Greatest hits album by HIM
- Released: 15 March 2004
- Genre: Gothic metal; gothic rock; hard rock; heavy metal;
- Length: 67:11
- Label: BMG; RCA; GUN; Supersonic; Terrier;
- Producer: Hiili Hiilesmaa; John Fryer; T.T. Oksala; Kevin Shirley; Tim Palmer;

HIM chronology
| Love Metal (2003) | And Love Said No: The Greatest Hits 1997–2004 (2004) | Dark Light (2005) |

= And Love Said No: The Greatest Hits 1997–2004 =

And Love Said No: The Greatest Hits 1997–2004 is a greatest hits album by Finnish rock band HIM. It contains two new songs: "And Love Said No" and "Solitary Man", the latter of which is a Neil Diamond cover, both songs produced by Tim Palmer. The British version also has a re-recorded version of "It's All Tears (Drown in This Love)". The digipak version of this album comes with a DVD with six songs live at Semifinal Club in Helsinki.

Professional ratings
Review scores
| Source | Rating |
| AllMusic |  |

== Track listing ==
1. "And Love Said No" – 4:10
2. "Join Me" – 3:37
3. "Buried Alive by Love" – 5:01
4. "Heartache Every Moment" – 3:56
5. "Solitary Man" (Neil Diamond cover) – 3:36
6. "Right Here in My Arms" – 4:00
7. "The Funeral of Hearts" – 4:29
8. "In Joy and Sorrow" – 3:59
9. "Your Sweet 666" (re-recorded version) – 3:56
10. "Gone with the Sin" – 4:22
11. "Wicked Game" (Chris Isaak cover; re-recorded version) – 4:04
12. "The Sacrament" – 4:30
13. "Close to the Flame" – 3:47
14. "It's All Tears (Drown in This Love)" (re-recorded version) – 4:30*
15. "Poison Girl" – 3:51
16. "Pretending" – 3:41
17. "When Love and Death Embrace" – 6:11
- Website extras included as Enhanced CD content
- – Only available on the UK version. Other versions omit this track completely. The UK version also features a hype sticker stating there are two never-before-released re-recordings exclusive to the UK; this is incorrect as "When Love and Death Embrace" is a remaster and not a re-recording.

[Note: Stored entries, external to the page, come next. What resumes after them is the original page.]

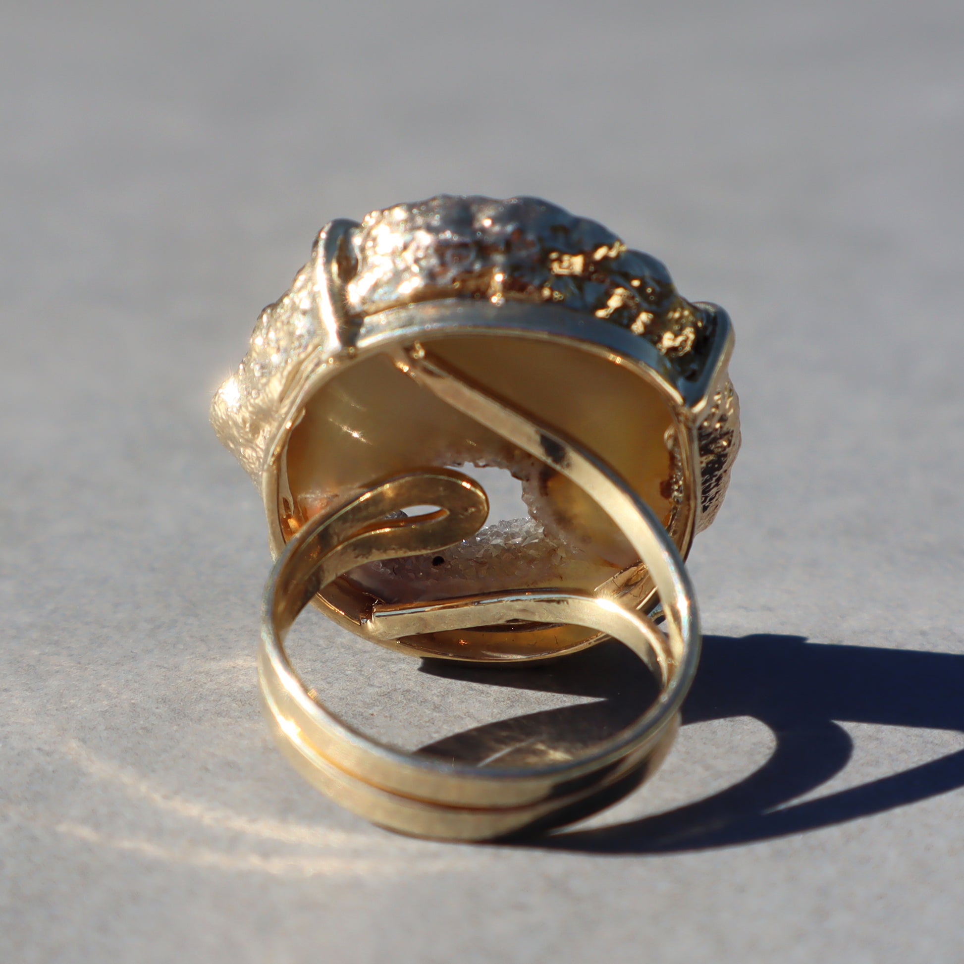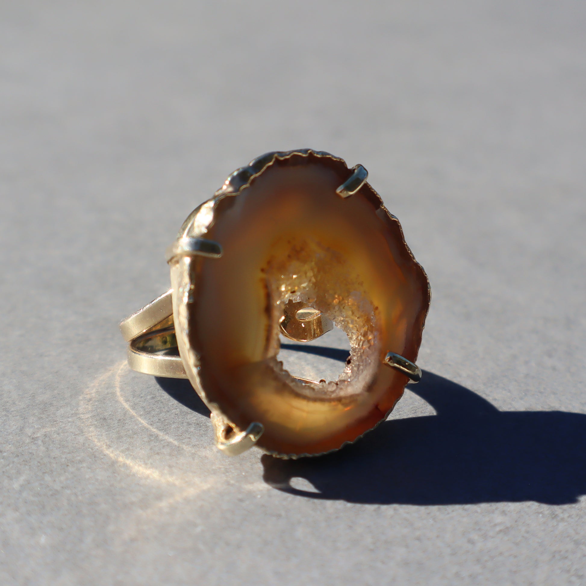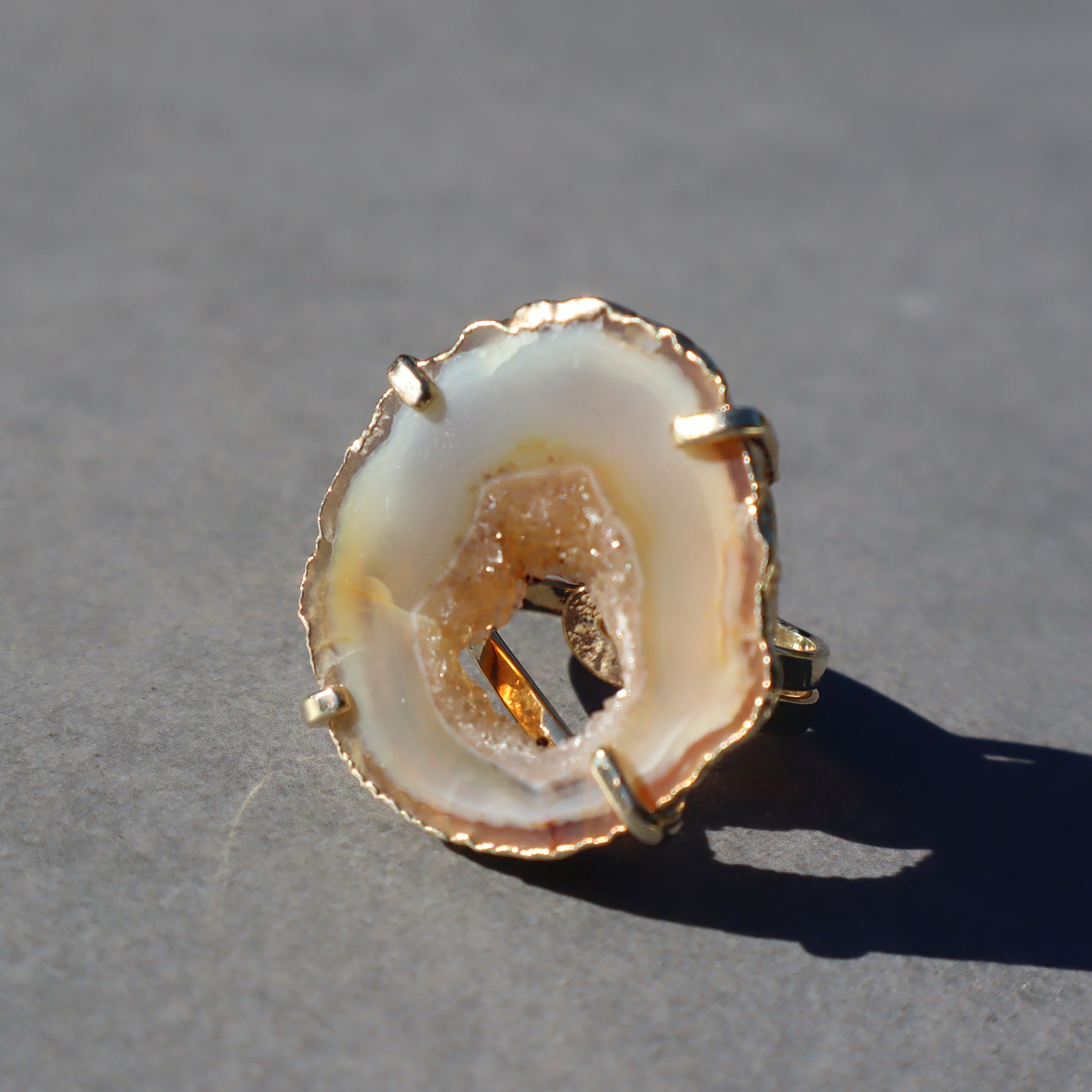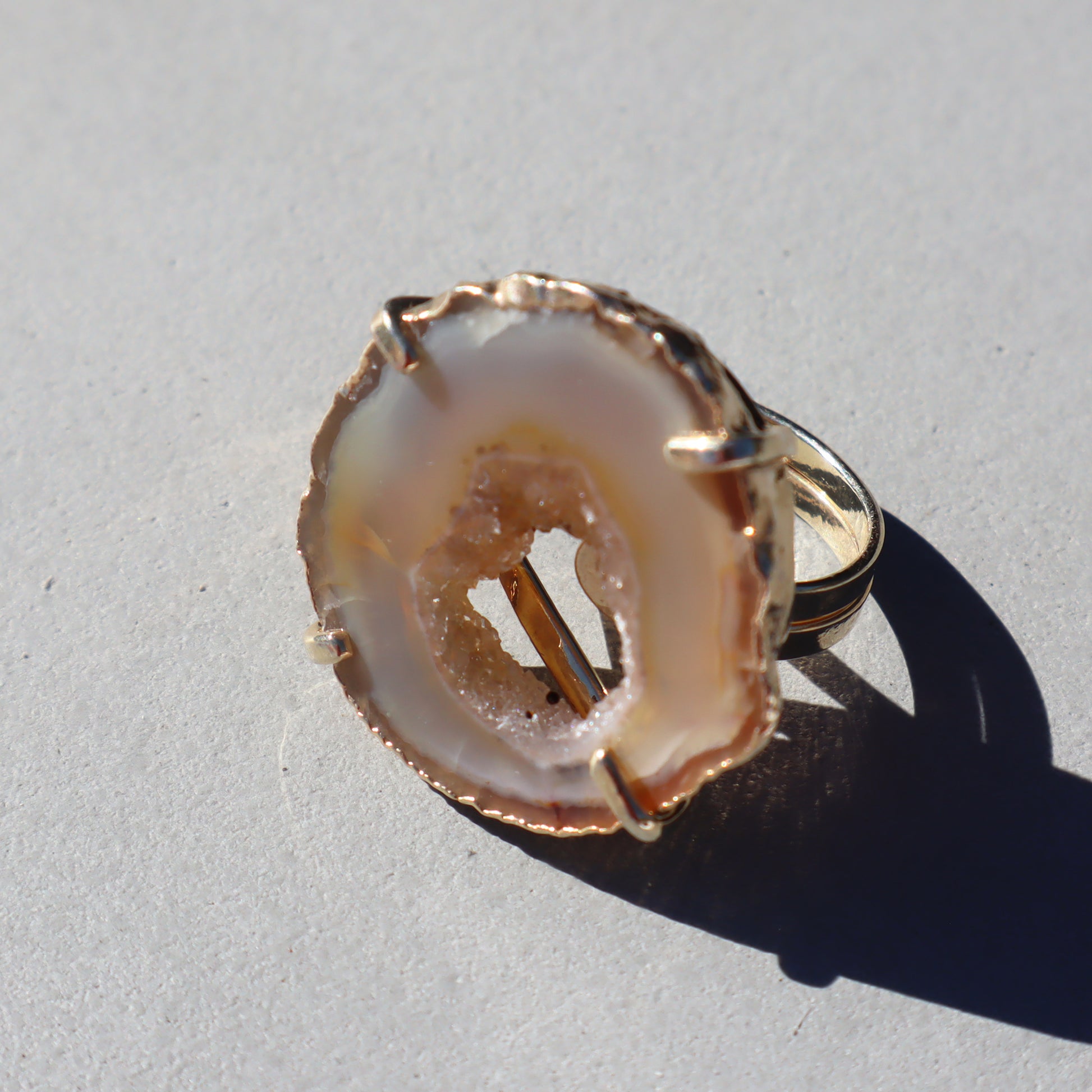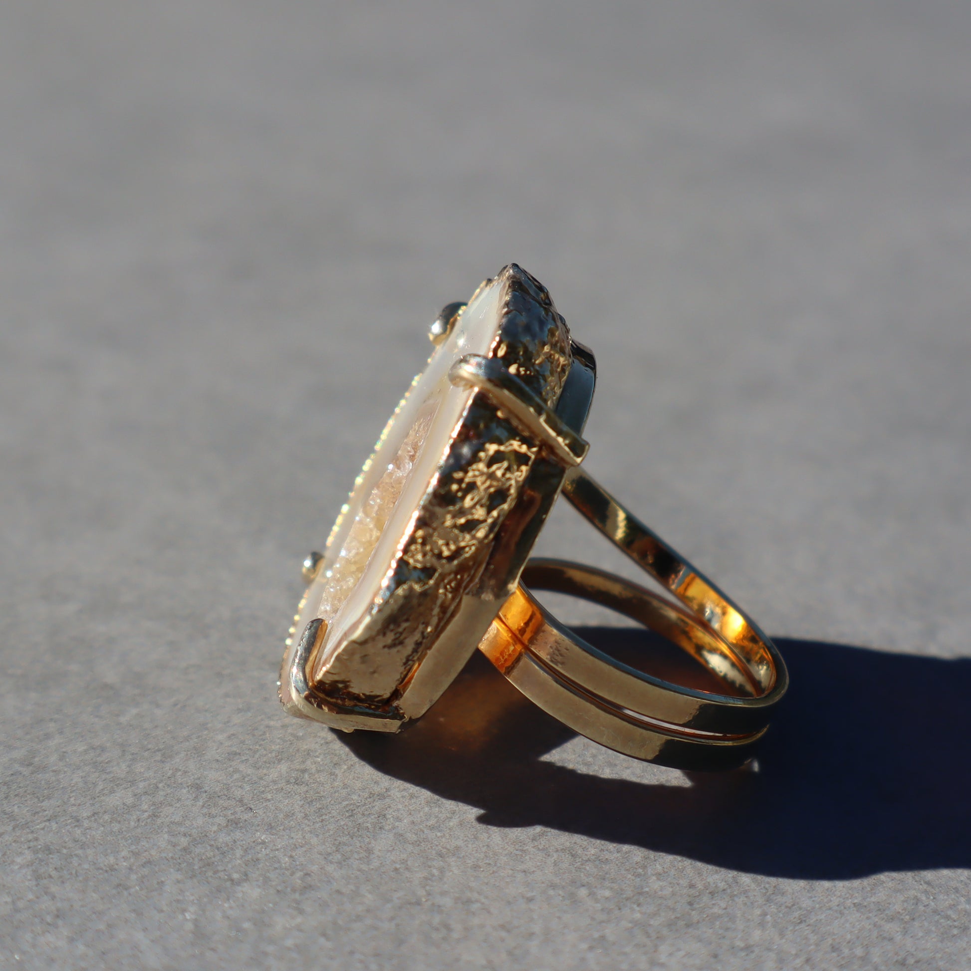 This handcrafted beauty showcases the natural charm of a light agate and druzy ring. The centerpiece of this exquisite ring features a delicate slice of light agate, its translucent layers revealing soft, ethereal hues of undeniable luxury. Nestled alongside the agate is a sparkling druzy formation, its surface adorned with tiny, glittering crystals that add a touch of celestial magic to the piece.
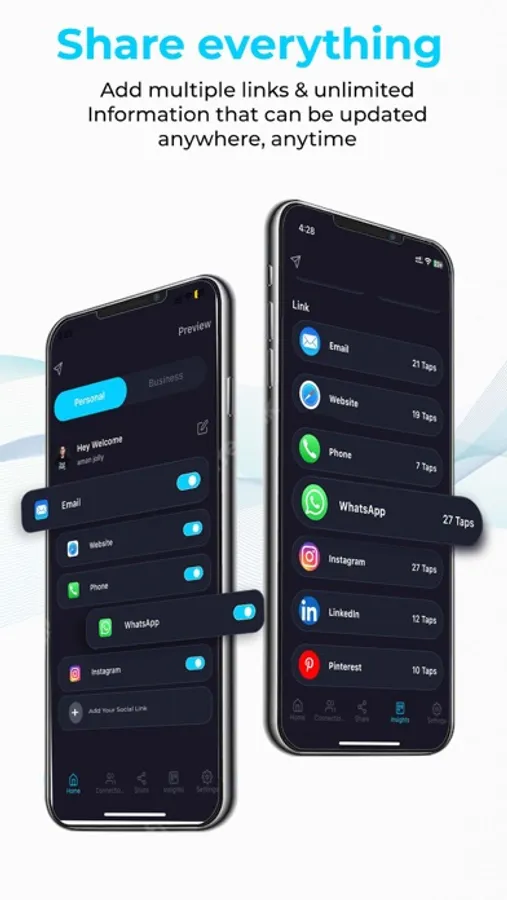 Add everything you would like to share with your connections, including multiple links to your social handles, business and contact information, location, website, catalogue, and anything else you feel is relevant to share, all in one place.
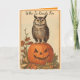 Awesome , vintage picture of an owl standing on a smiling pumpkin with Fall leaves, is featured on this Halloween greeting card. Front of the card reads, "Who Is Ready For" and inside of the card reads, "Halloween? You that's whooo. Happy Halloween". A nice and not scary greeting card to send family, friends and small children for Halloween!
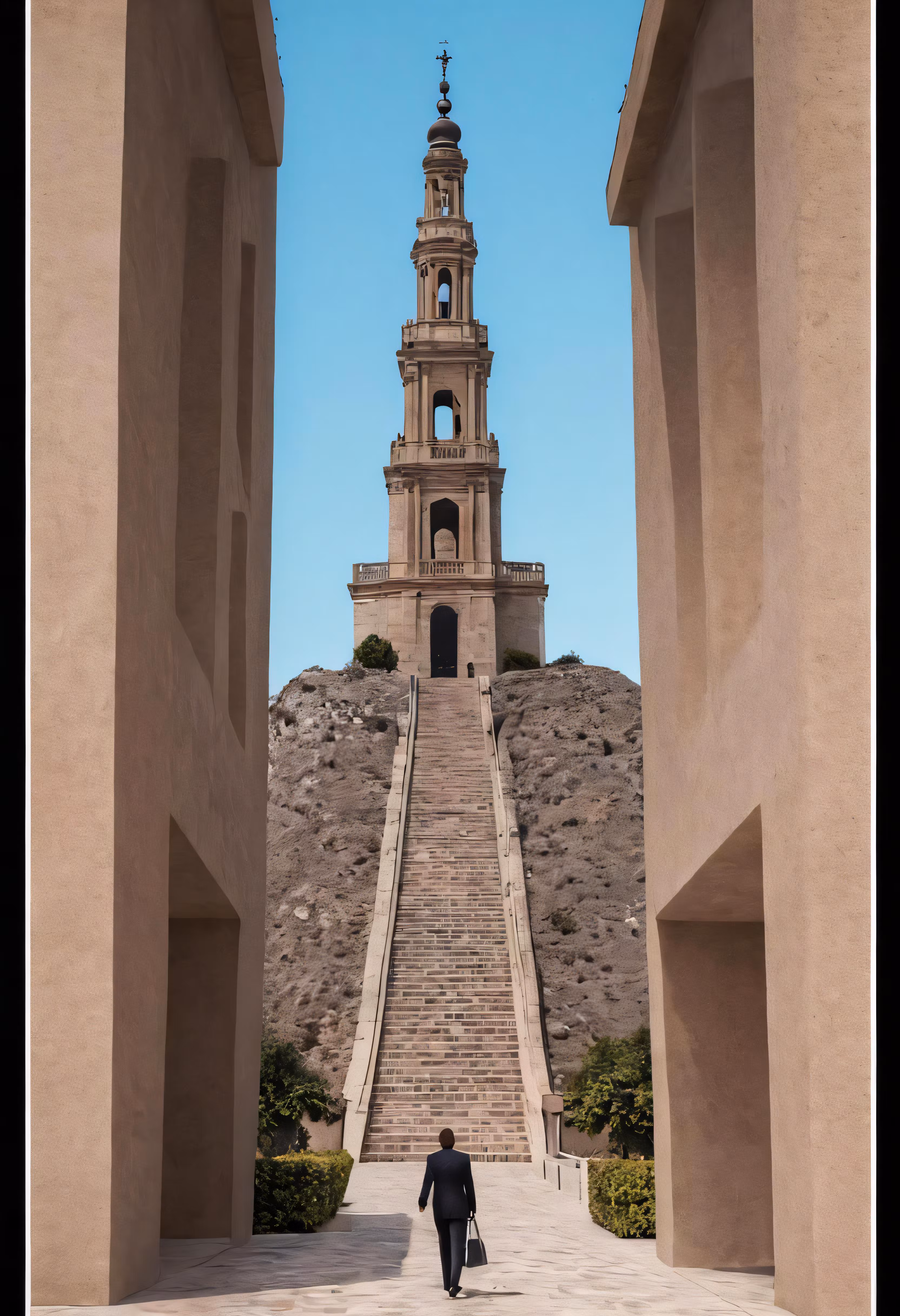 High resolution picture, free to use, man walking down stairs in front of steeple with steeple tower

=== Bonus DVD: Live at the Semifinal in Helsinki (24–30 April 2003) ===
1. "Soul on Fire" – 4:09
2. "The Funeral of Hearts" – 4:44
3. "Beyond Redemption" – 4:23
4. "Sweet Pandemonium" – 5:07
5. "Buried Alive by Love" – 4:48
6. "The Sacrament" – 4:34

== Box-set LP ==
The And Love Said No box set LP contained the band's first four studio albums on vinyl along with the "Wicked Game" EP. It does not feature the title track "And Love Said No" nor "Solitary Man".

== Charts ==

Chart performance for And Love Said No: The Greatest Hits 1997–2004
| Chart (2004) | Peak position |
|---|---|
| Austrian Albums (Ö3 Austria) | 9 |
| Belgian Albums (Ultratop Flanders) | 98 |
| Dutch Albums (Album Top 100) | 71 |
| Finnish Albums (Suomen virallinen lista) | 2 |
| German Albums (Offizielle Top 100) | 5 |
| Italian Albums (FIMI) | 55 |
| Norwegian Albums (VG-lista) | 32 |
| Portuguese Albums (AFP) | 11 |
| Scottish Albums (OCC) | 32 |
| Swedish Albums (Sverigetopplistan) | 20 |
| Swiss Albums (Schweizer Hitparade) | 18 |
| UK Albums (OCC) | 30 |

== Certifications ==

Certifications for And Love Said No: The Greatest Hits 1997–2004
| Region | Certification | Certified units/sales |
| Finland (Musiikkituottajat) | Platinum | 53,606 |
| Germany (BVMI) | Gold | 100,000^{‡} |
| Russia (NFPF) | Gold | 10,000^{*} |
| United Kingdom (BPI) | Gold | 100,000^{*} |
^{*} Sales figures based on certification alone. ^{‡} Sales+streaming figures based on certification alone.